DATA BELOW Block Start
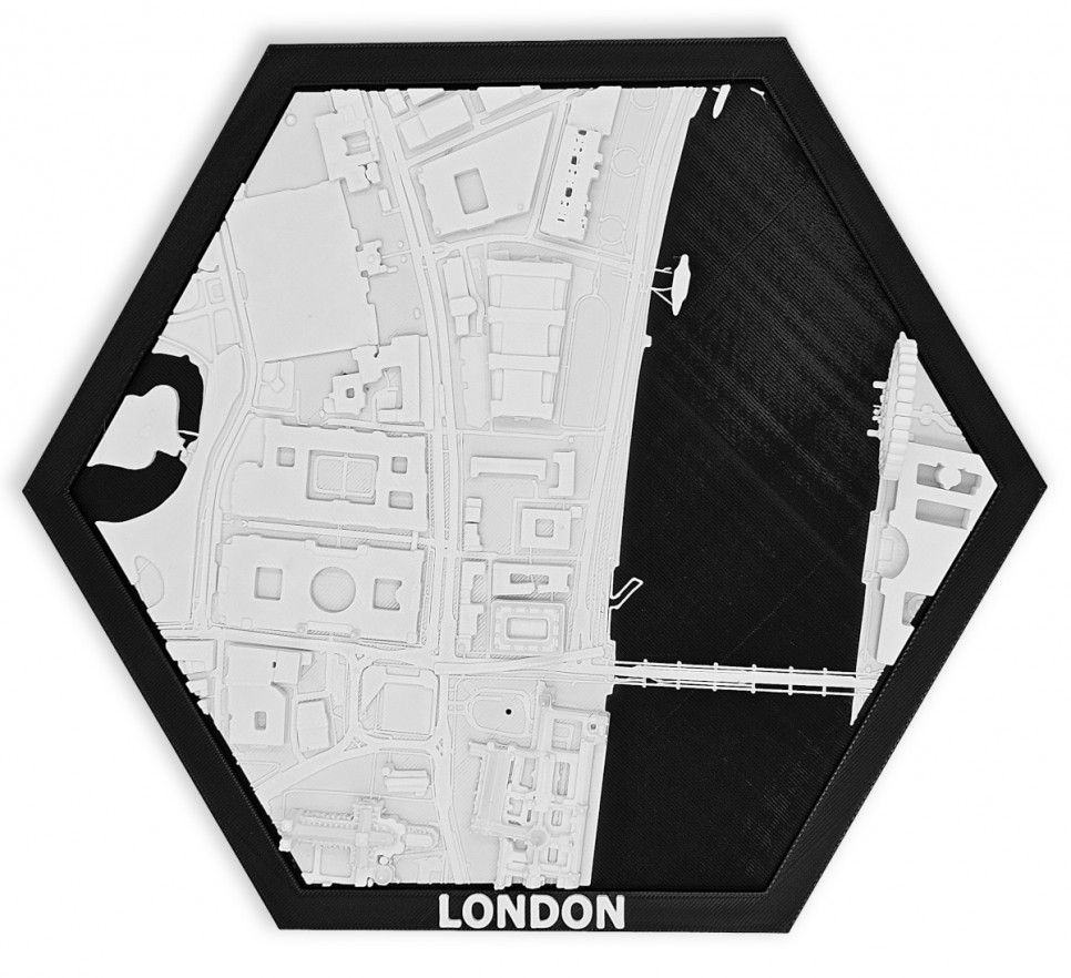 Obraz prezentuje trójwymiarowy plan Londynu w czarnej ramie z możliwością powieszenia.
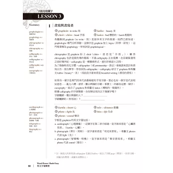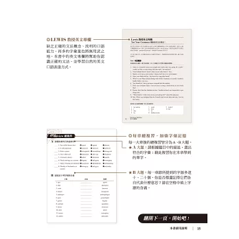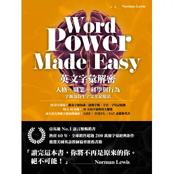 本書作者 Norman Lewis 為英語文法及語源權威,結合其豐富的教學經驗及語言學專業著成本書,以幫助讀者在兩、三個月內迅速且有系統的習得大量字彙、將它們納入長期記憶中,並在口語及寫作中自然的使用。更重要的是,這些字彙將永遠改變你的思考模式,增進個人表達及對世界的理解能力。
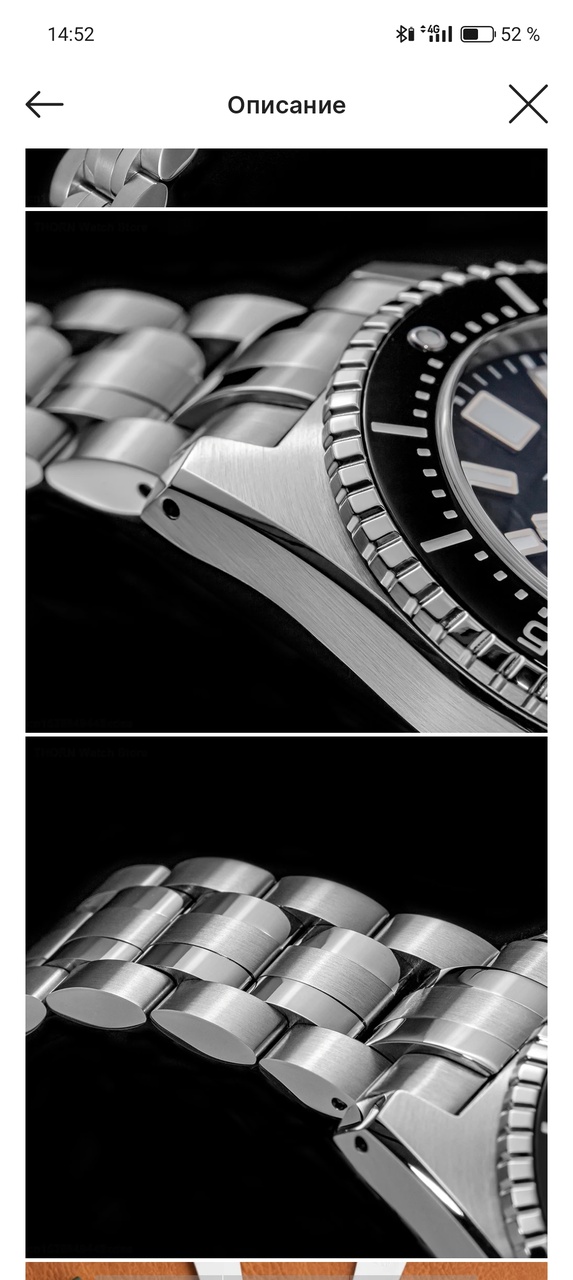сапфир, водо-защита 100м, нержавейка, безель односторонний (чуть люфтит, крутится очень легко со щелчками в одну сторону), браслет удобный, длинный (пойдёт на любую руку, снял пару звеньев), заводная головка большая, ухватистая, удобная, завинчивается долго на несколько витков (оборота 4). За эту цену нет претензий, если бы стоили чуть дороже, наверное, придрался бы к люму, он довольно хреноватый, синего цвета, в остальном от часов только положительные эмоции. Точность хода замерил - +20сек - что для меня не критично (хорошо, что спешат, если бы отставали, тогда бы было хуже). Сразу хочу сказать, часы маленькие 40мм, на моей медвежьей лапе в 19,5см смотрятся довольно маленькими, я привык носить 43-45-48мм; 40мм, конечно, маловаты, но для среднего и маленького запясться будут в самый раз. Интересное расположение окошка даты на 6-ти часах мне понравилось, у меня раньше таких не было, все часы - дата на 3-х часах. Очень неплохие часики с довольно оригинальным дизайном (хоть и хомаж на Хелм Комодо) на лето, да и не только - прелесть, под рубашку и под рукав отлично прячутся.
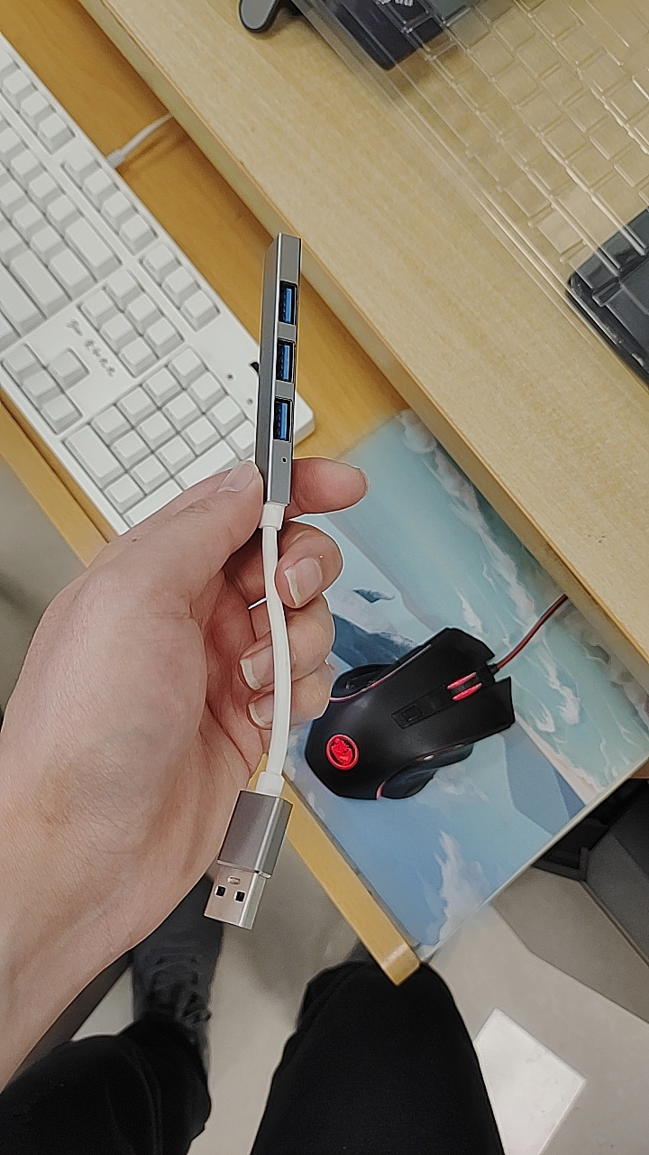 最后客服给我的唯一解决方案就是,买一个带按钮的分线器,代替插拔。但是,每次不是还要摁一下开关?那也挺脑瘫的,毕竟我想把键盘接到主机后面,摁开关和拔插一样不方便。因此,我吐了啊。
DATA BELOW Block End
# EXERCISE:
After dropping the pictures, please set down the lines from the beginning of the listing through the line containing "本書作者 Norman Lewis", both included, exactly as they stand.

# YOUR SOLUTION:
 Obraz prezentuje trójwymiarowy plan Londynu w czarnej ramie z możliwością powieszenia.
 本書作者 Norman Lewis 為英語文法及語源權威,結合其豐富的教學經驗及語言學專業著成本書,以幫助讀者在兩、三個月內迅速且有系統的習得大量字彙、將它們納入長期記憶中,並在口語及寫作中自然的使用。更重要的是,這些字彙將永遠改變你的思考模式,增進個人表達及對世界的理解能力。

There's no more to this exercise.